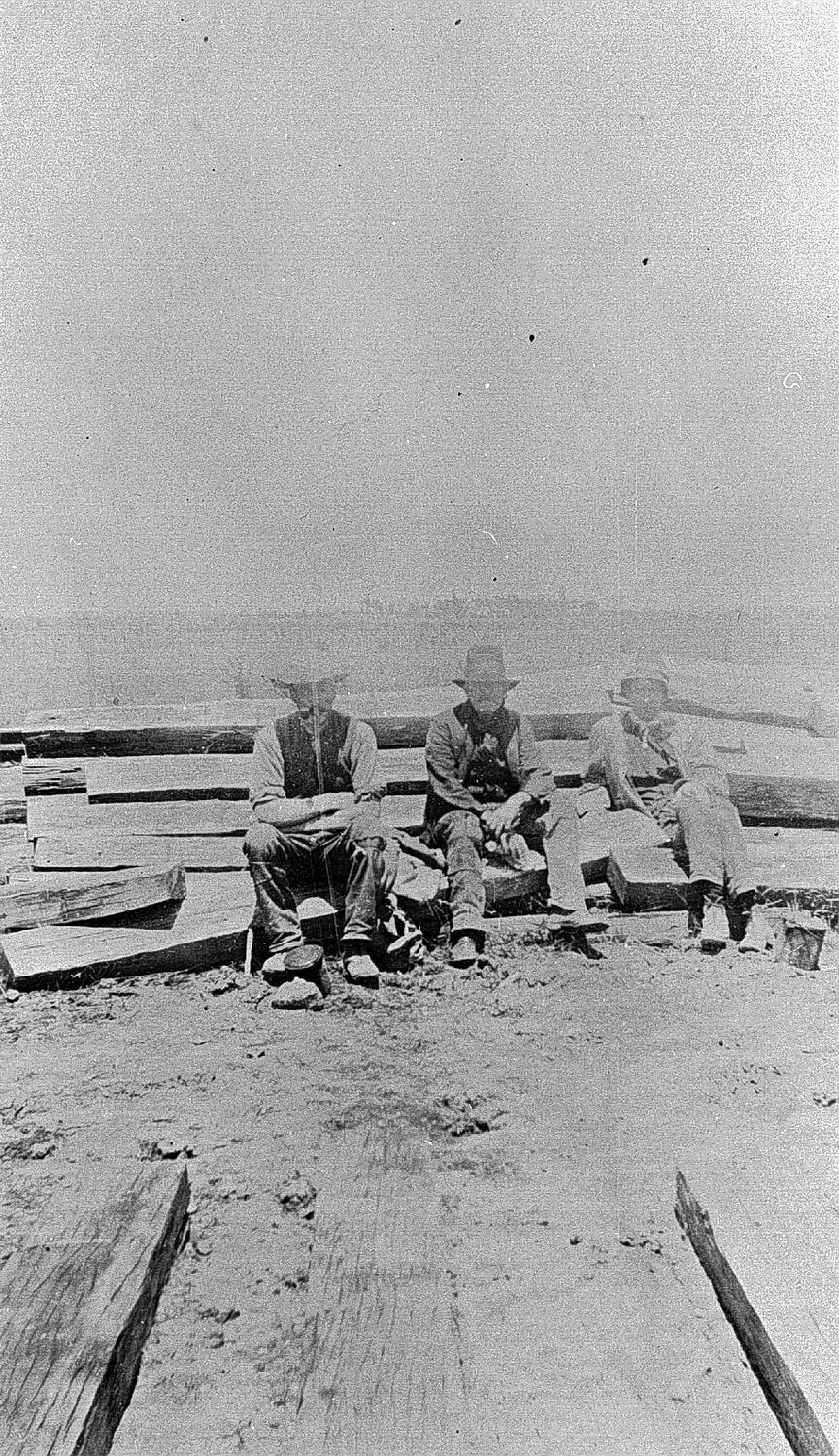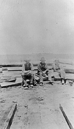 Three men seated on a stack of railway sleepers. There are some sleepers in the foreground that appear to be deliberately arranged - this may have been during the construction or repair of a railway line.
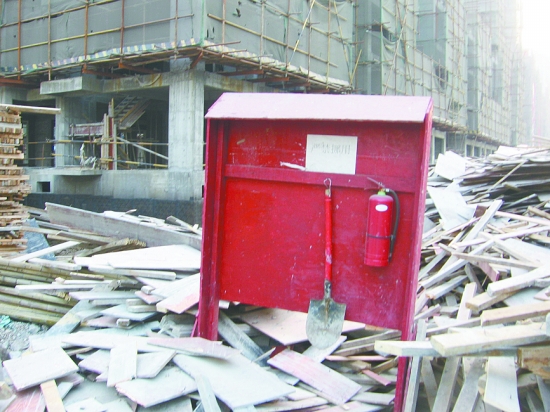 按照這位施工人員的提醒,記者看到,在“文明施工”警示牌西南側4米,有一個木質報刊亭狀的消防設備存放點,偌大的存放點僅放著一把消防鐵鍬和一個干粉滅火器,而該消防設備存放點的四周卻橫七豎八堆放著木料、鋼管等物。
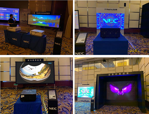 授牌儀式過后,NEC投影機產品經理張凱向大家翔實地介紹了移動式全景投影、全息紗幕投影、立體模型投影等新品解決方案。現場,醒目又炫酷的“NEC”LOGO格外吸睛,運用2萬流明英雄系列PX2000UL+
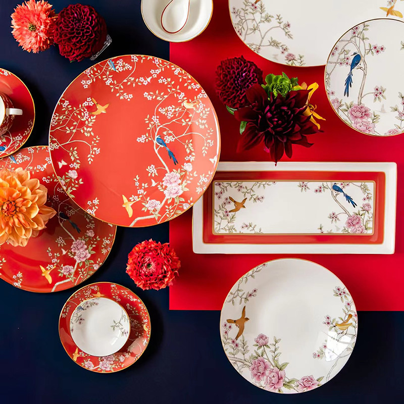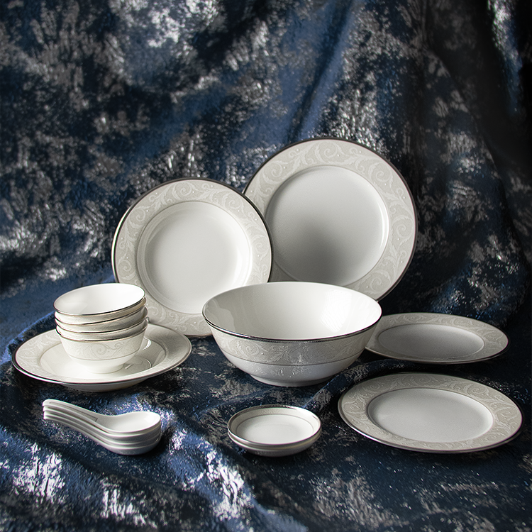 定制欧式鸣海浮雕图骨瓷摆台陶瓷餐具盘子咖啡杯刀叉勺餐巾圈10件
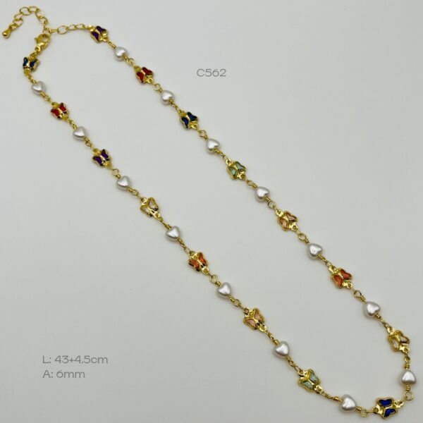 Collar de 43cm + 4.5cm de extensible, con diseño de mariposas de colores intercalado con perlas en forma de corazón de 6mm. Oro Laminado 18k.
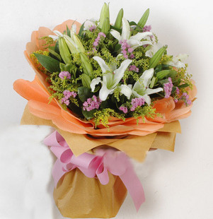 商品簡介:4支多頭香水百合,黃鶯搭配,包裝紙精美包裝
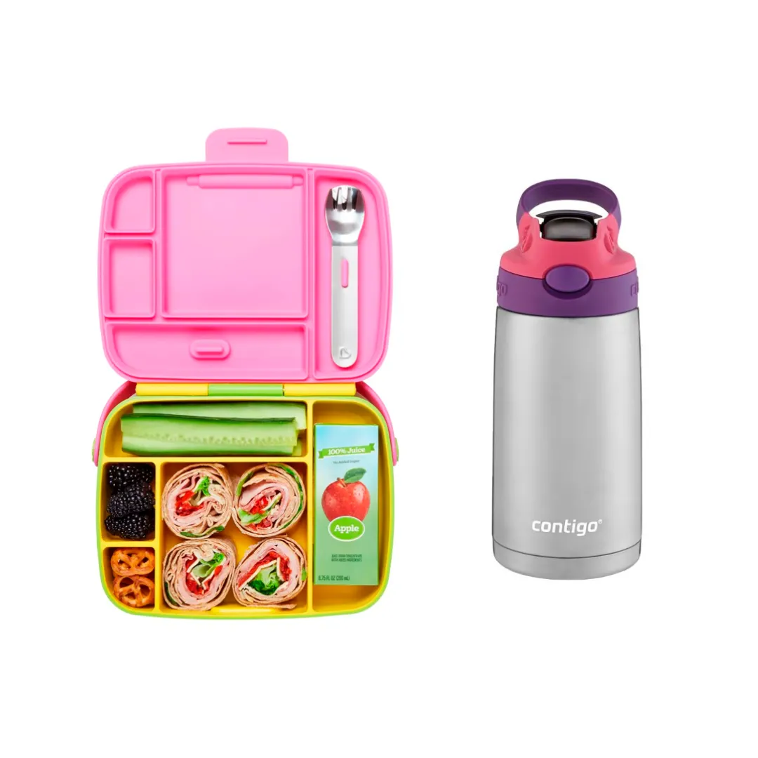Incluye la lonchera Munchkin, con compartimentos prácticos y un juego de cuchara y tenedor de acero inoxidable. Su diseño permite organizar los alimentos de forma segura y sin derrames.
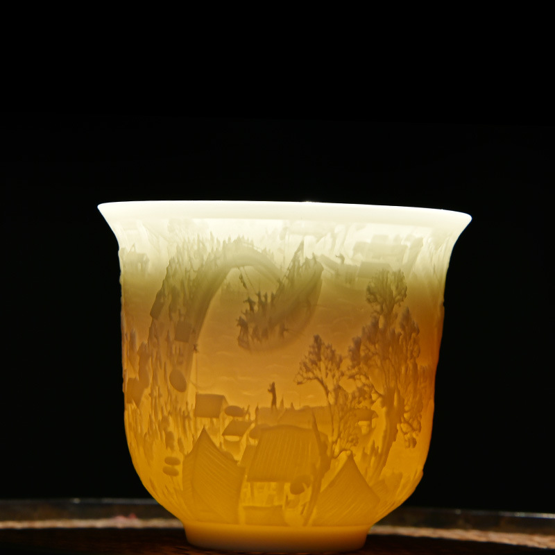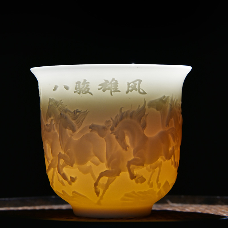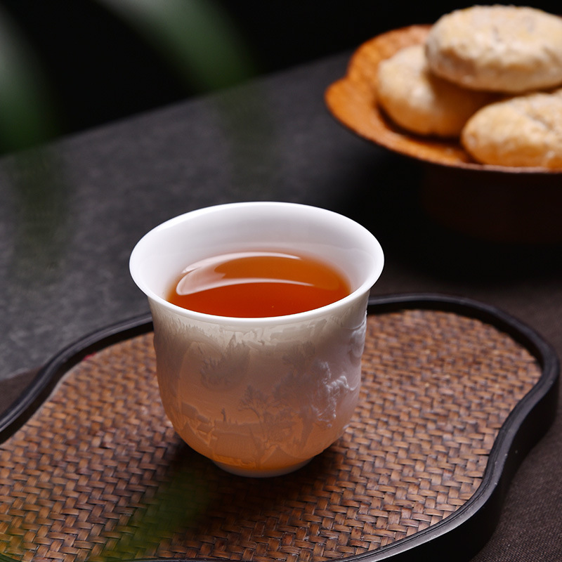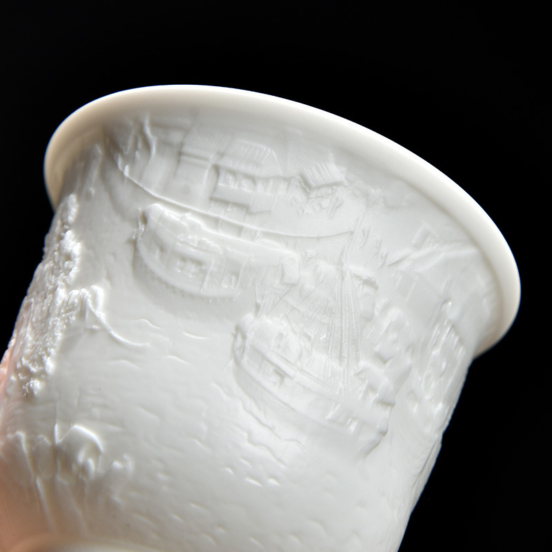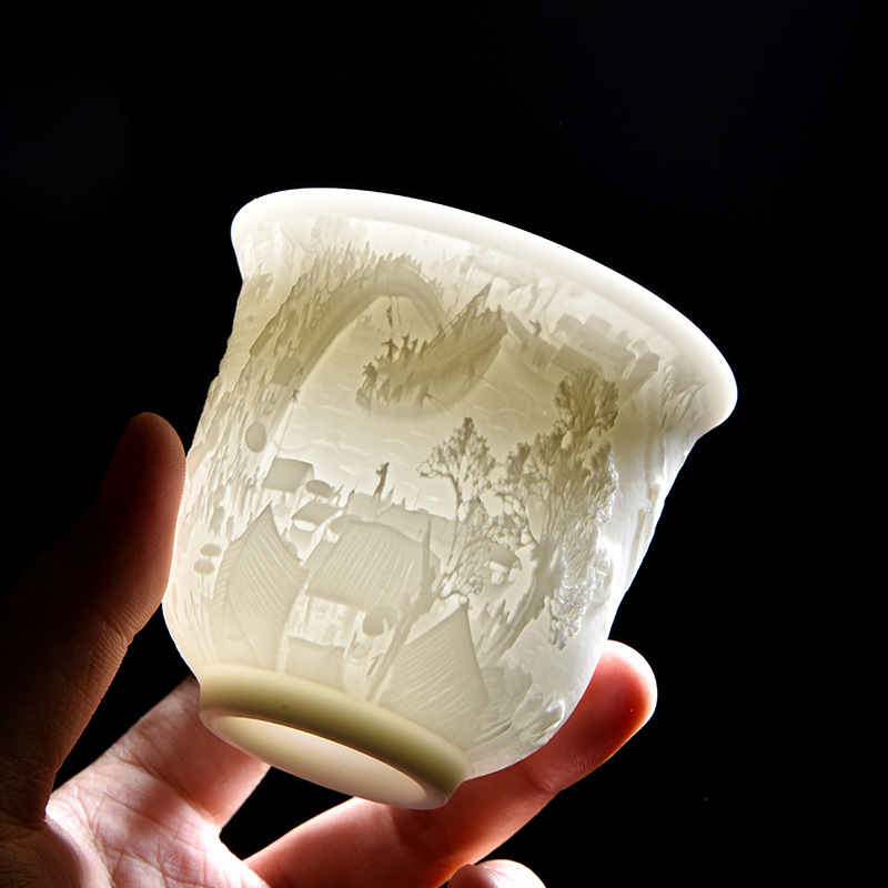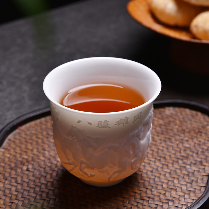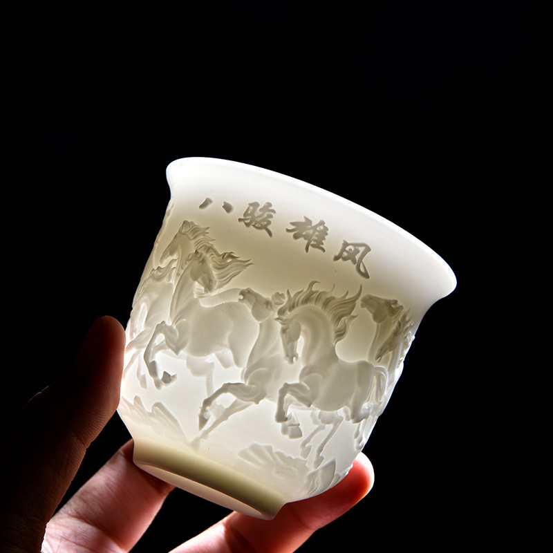 德化白瓷主人杯功夫茶杯浮雕茶具品茗茶盏简约个人专用茶杯福利品
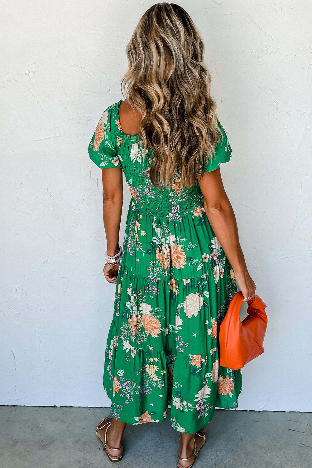 Green Floral Print Bubble Sleeve Smocked Tiered Midi Dress
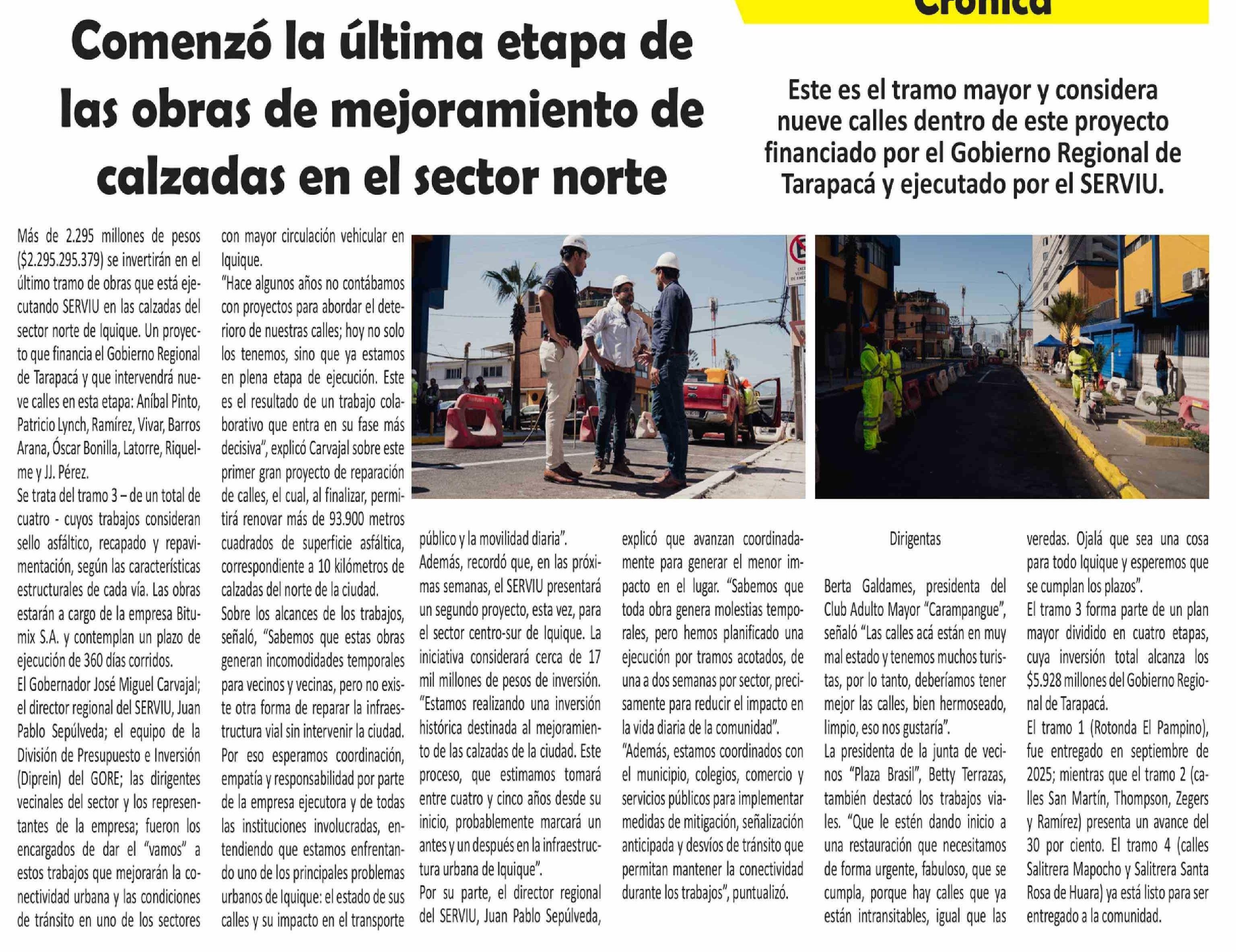 Comenzó la última etapa de las obras de mejoramiento de calzadas en el sector norte
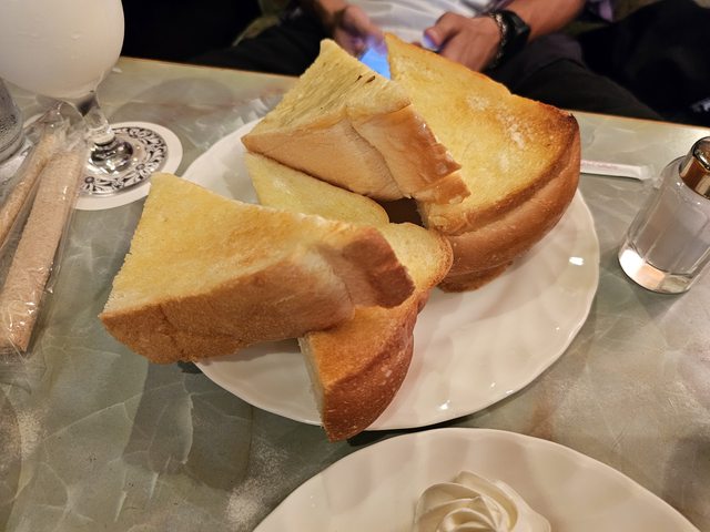 和友人點了普通燒吐司套餐(650羊)和厚燒吐司套餐(700羊),

INSTRUCTIONS FOR THE TASK –
Your copy should hold exactly the lines from the line bearing "Green Floral Print" through the end of the data, both included, and no pictures or anything further.

EXERCISE RESULT –
 Green Floral Print Bubble Sleeve Smocked Tiered Midi Dress
 Comenzó la última etapa de las obras de mejoramiento de calzadas en el sector norte
 和友人點了普通燒吐司套餐(650羊)和厚燒吐司套餐(700羊),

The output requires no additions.